Dickens's characters are great conversationalists; they have rich mental models of each others' minds. Doctor Manette has awoken from nine days of relapse into shoemaking, and Mr. Lorry needs to broach the subject.
"My dear Manette, I am anxious to have your opinion, in confidence, on a very curious case in which I am deeply interested; that is to say, it is very curious to me; perhaps, to your better information it may be less so."Lorry goes on to describe the patient's condition, probing gently for more details and asking the doctor for his interpretation. Doctor Manette and Mr. Lorry step out of their world into the world Mr. Lorry conjures, of a different friend and a different afflicted man.
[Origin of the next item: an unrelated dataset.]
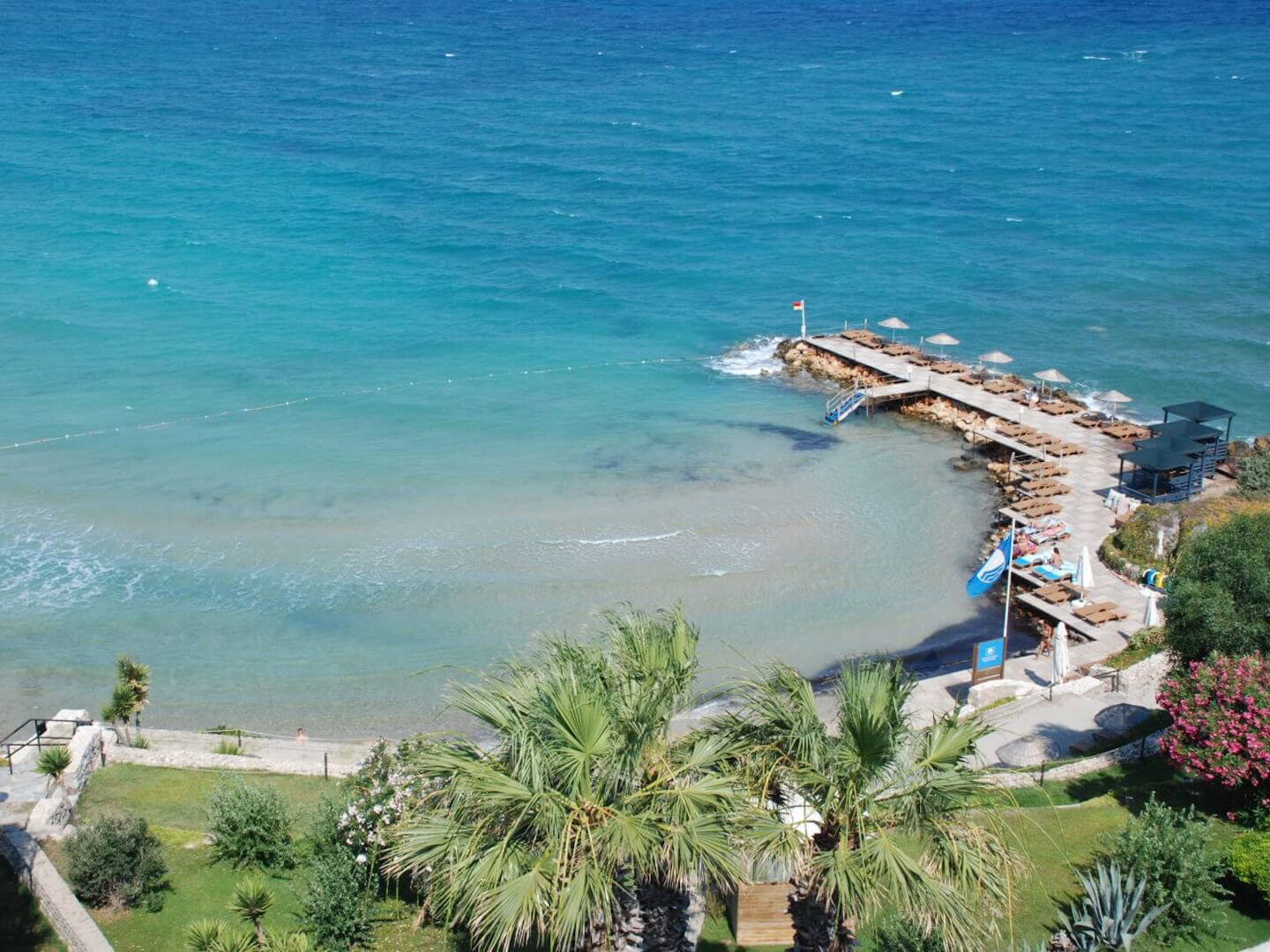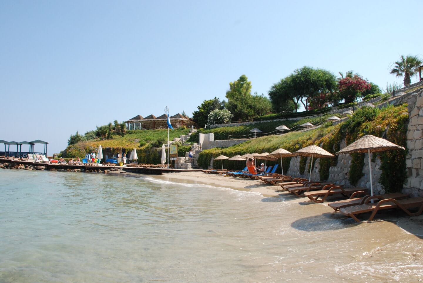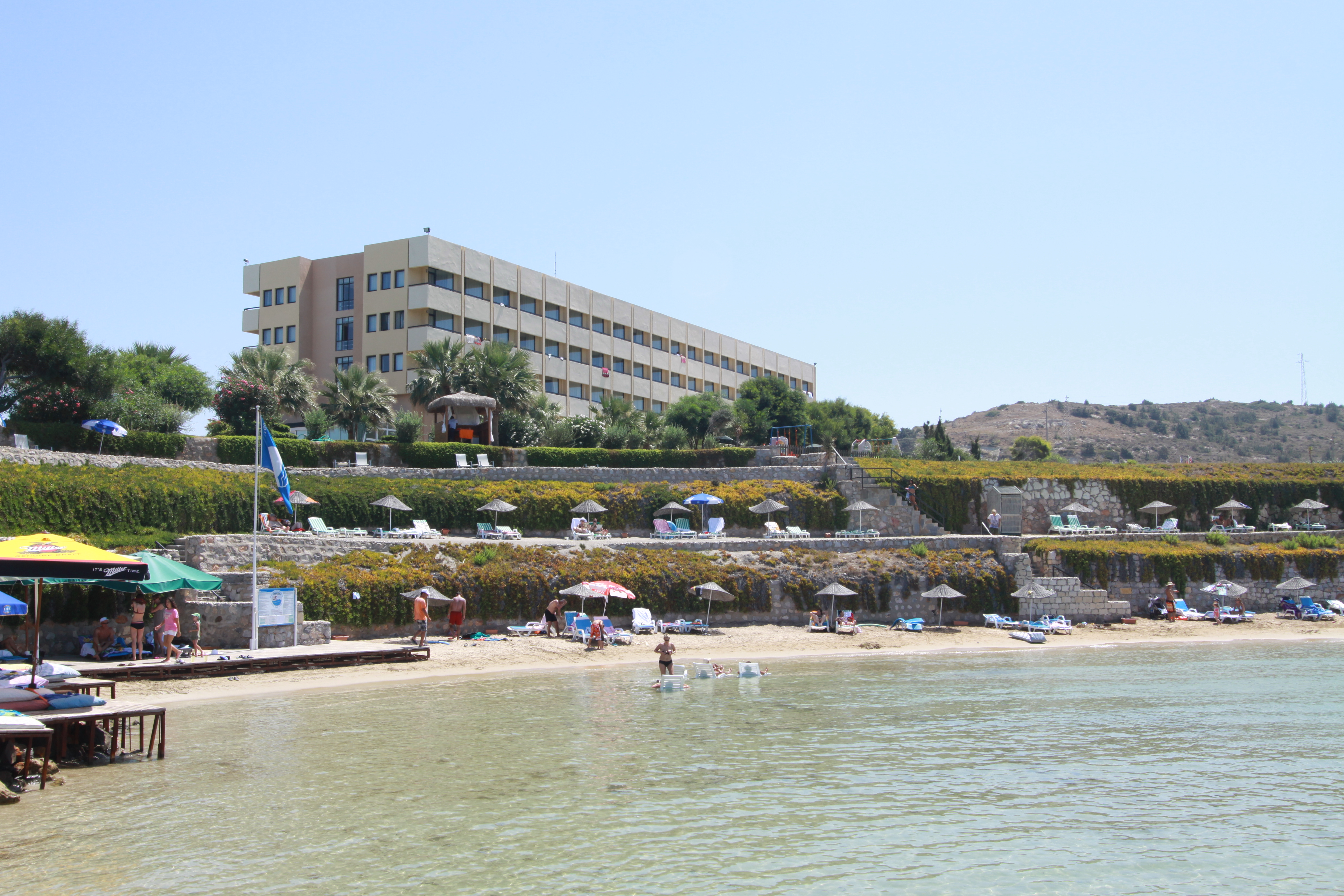 Плаж: дължина на плажната ивица 150 м. Разпределен на 3 нива – първите две нива са с фин пясък, а третото ниво е тревна площ . Морското дъно е с фин пясък плавно полегато. Плажът е удостоен със сертификат „Син флаг“. Има и платформа. Чадъри, шезлонги и матраци на плажа и при басейна- безплатно. Плажни кърпи - безплатно.

This is a useful fiction--it allow the doctor to approach the painful subject at his own pace while allowing the real encounter, which might be blocked up with shame or danger, to recede from reality.
...
"Be explicit," said the Doctor. "Spare no detail."
Mr. Lorry saw that they understood one another, and proceeded. (199-200)
Other realities abound here: Jarvis Lorry reiterates constantly that he is "a mere man of business, unfit to cope with such intricate and difficult matters" while he tenderly and carefully helps his friend to come to terms with the relapse. Manette's identity as a shoemaker is similarly a useful fiction. Posing as the doctor offering a diagnosis, he tells Mr. Lorry why he keeps the shoemaker's tools:
It is very hard to explain, consistently, the innermost workings of this poor man's mind. He once yearned so frightfully for that occupation, and it was so welcome when it came; no doubt it relieved his pain so much, by substituting the perplexity of the fingers for the perplexity of the brain, and by substituting, as he became more practised, the ingenuity of the hands for the ingenuity of the mental torture that he has never been able to bear the thought of putting quite out of his reach. Even now, when I believe he is more hopeful of himself than he has ever been, and even speaks of himself with a kind of confidence, the idea that he might need that old employment, and not find it, fives him a sudden sense of terror, like that which one may fancy strikes to the heard of a lost child." (203-204)As he concludes his account, it attaches to the outer reality: the doctor "looked like his illustration," his terror confessing to his identification as the patient in Lorry's story.
I have frequently seen my students use fictions in similar ways, to talk about their identities or their relationships. Fiction gives us plausible deniability, a safe space to try out possibilities without incurring real-world consequences on ourselves or on those around us. Shared fiction allows minds to commingle without barriers; it is the deepest form of communication.
But if fiction is to be useful, it must return to reality. Otherwise it generates nothing; it is mere escapism. The chapter ends with Manette giving up his shoemaker's tools, surrendering the alluring possibility of flight from the world. We read, and explore possibilities. Then we must return to the world and act.